ICO tries ‘softy, softly’ audit plan

Businesses are being urged to open their doors to staff from the Information Commissioner’s Office who will provide onsite advice on data protection issues and give them a detailed report on any changes that are needed.
Louise Webb, head of good practice at the ICO, said the watchdog had begun operating a new advisory service as an alternative to a full-scale data protection audit – in what has been described as the ICO’s “softly, softly” approach.
Earlier this week, it emerged that the UK’s data protection regime was one of the most lenient in Europe, enabling it to focus “on persuasion rather than punishment to achieve greater data privacy compliance”. By comparison the likes of France, Germany and Spain take a far more “aggressive approach to enforcement”.
However, the ICO Christopher Graham (pictured) is also calling on Parliament to give his office extra powers to carry out on-the-spot audits – so-called data raids – on repeat offenders.
Webb said full-scale audits were often too detailed for all but the largest of firms and said the new service would help smaller organisations to improve their understanding.
Under the new service a member of the ICO’s good practice team will visit organisations “to see what they do with data and how they do it”. The service is targeted at small and medium sized organisations that process significant volumes of personal data or sensitive personal data, she said.

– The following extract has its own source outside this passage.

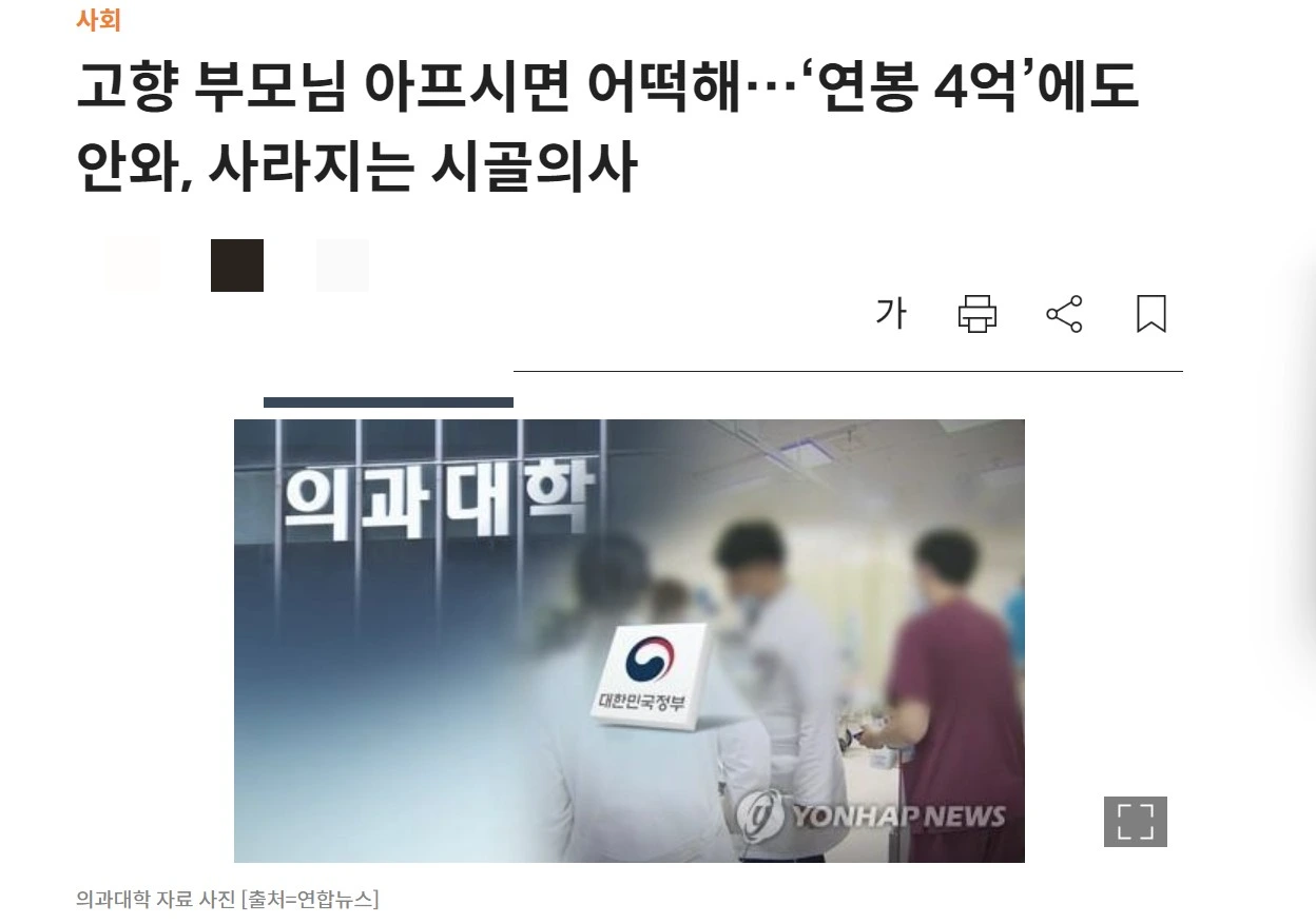 '종종 연봉 몇억을 줘도 시골에서 근무하려는 의사가 없다' 라는 자극적인 제목의 기사들이 보이곤 한다.
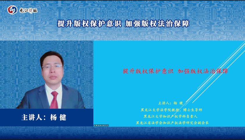 博士生导师杨健教授为省社科联、省文旅厅、省文联等单位开展知识产权专题讲座。讲座上,杨健教授围绕中国式现代化进程中版权保护与法治建设的关键议题展开,借助一系列贴近生活的典型案例,深入解读当前版权保护的现状与挑战。不仅系统阐释了版权相关法律法规,还为听众细致普及了切实可行的维权技巧,助力提升公众版权保护意识,推动我国版权事业健康发展。

Webb said: “During the visits we identify what organisations are doing well and what they need to improve and provide practical recommendations and suggestions to put things right. On the day, we focus on areas such as security, records management and requests for personal data and the visits are also flexible enough to provide an opportunity to ask us questions.”
The service is free, and at the end the team produce a short report which summarises what to do next.
Webb admitted that the ICO has struggled to convince organisations of the benefits of agreeing to let it conduct data protection audits despite committing not to fine businesses for problems they find during the course of an audit, making the process more transparent and better targeting where to investigate.